I went once or twice to Assumption, the Greek Orthodox parish in what looked exactly like a quonset hut (also on Sixth, if I remember correctly, and they have built a new church), but had no idea what was going on since every word was in Greek (nobody but the oldest congregants had any idea what was going on, to judge by the looks on their faces), and made the mistake of going downstairs after Liturgy. I got the “Are you Greek?” question and shook my head. I was promptly snubbed from that moment on.

Then, I went to St Michael Antiochian Orthodox Church, in the suburbs (Buechel). It is a large parish by any standards, but for an Orthodox church in the United States, is immense. It was wholly different from St George. It was pan-ethnic, for one thing (the meal after Divine Liturgy consisted of raw kibbeh, fried chicken, various curries, and kielbasi), and perhaps between a third and a half were converts. The Divine Liturgy was in English. The people were friendly and welcoming, as was the priest.

But there was a magnetic pull that is almost impossible to describe.

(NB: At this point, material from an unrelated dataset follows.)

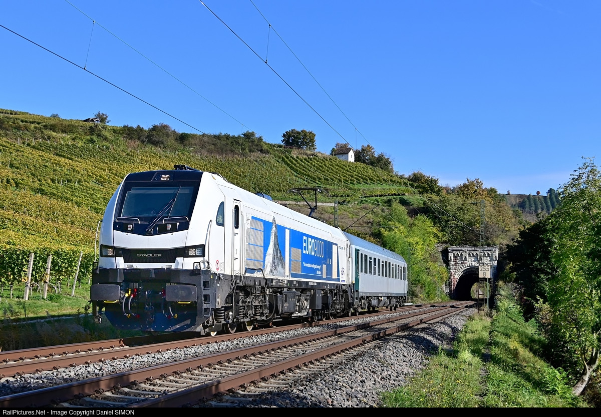 Test run of the Stadler EURO 9000 Electric multi-system locomotive between Basel and Freiburg. The EURO 9000 is the new Hybrid multi-system locomotive for use throughout Europe. The locomotive enables up to 500kN tractive effort with an output of 1.9MW in diesel mode and up to 9MW in electrical mode. The Euro 9000 platform is natural evolution of Stadler's successful EuroDual and Euro 4000 locomotive family. The Euro 9000 platform can be configured for different countries and corridors. For this purpose, there is the option of equipping the locomotive with diesel engines, battery packs, or a combination of these at two multifunctional mounting stations. The powerful Co'Co' locomotive features an innovative 3-level converter topology of the latest generation for best energy efficiency. The powerful single-axle control, in combination with the proven asynchronous traction motors ensures high reliability with best tractive effort. The Euro 9000 is a freight locomotive characterised by compact design, high performance and optimal operating costs. The two central driver's cabs offer the highest level of comfort with comfortable centrally placed seats, ergonomic controls, air conditioning and a modern interior design. The locomotive is delivered with ETCS BL3 as standard and depending on the country configuration, the corresponding national train protection systems will be integrated. Text source: European Loc Pool AG

Initially, it was the liturgy, but the more I found out about Orthodoxy, the more contact I had with this strict, disciplinary, but loving and kindly priest, the most contact I had with these rigorously Christian people, the more powerful that pull became. I couldn’t spend enough time there, and regretted that there weren’t services every day (there are now).

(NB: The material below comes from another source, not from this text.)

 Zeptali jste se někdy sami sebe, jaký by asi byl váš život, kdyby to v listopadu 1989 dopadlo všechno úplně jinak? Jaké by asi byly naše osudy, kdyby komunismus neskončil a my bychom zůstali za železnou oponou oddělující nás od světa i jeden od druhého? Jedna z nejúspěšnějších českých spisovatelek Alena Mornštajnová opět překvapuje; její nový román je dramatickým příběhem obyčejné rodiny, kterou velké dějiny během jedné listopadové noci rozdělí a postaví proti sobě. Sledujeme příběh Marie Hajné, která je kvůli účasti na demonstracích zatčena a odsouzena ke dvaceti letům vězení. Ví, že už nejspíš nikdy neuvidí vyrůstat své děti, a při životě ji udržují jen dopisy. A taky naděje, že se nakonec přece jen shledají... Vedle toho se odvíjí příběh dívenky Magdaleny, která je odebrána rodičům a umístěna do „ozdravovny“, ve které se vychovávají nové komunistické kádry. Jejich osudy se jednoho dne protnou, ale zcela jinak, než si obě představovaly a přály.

The fear of apostasy was there, of course, ingrained very deeply, but the light of Orthodoxy was strong enough to overcome it. I was Chrismated, and became Orthodox.

A year later due to fiscal considerations, I returned to Indiana to pursue a graduate degree. At the time, the only Orthodox presence was a very small ROCOR mission, led by the insane Father C and his equally insane wife.

I should say here that, although I didn’t know it at the time, Orthodoxy tends to attract odd people. All over the United States there are Orthodox parishes with American converts who wear babushka scarves and are more Russian than the Russians ever thought about being. I found that out at the mission. When the insane Father C dropped by unannounced to rummage though my refrigerator and make sure there were no prohibited items there, I had had it. I was done with Orthodoxy, at least there.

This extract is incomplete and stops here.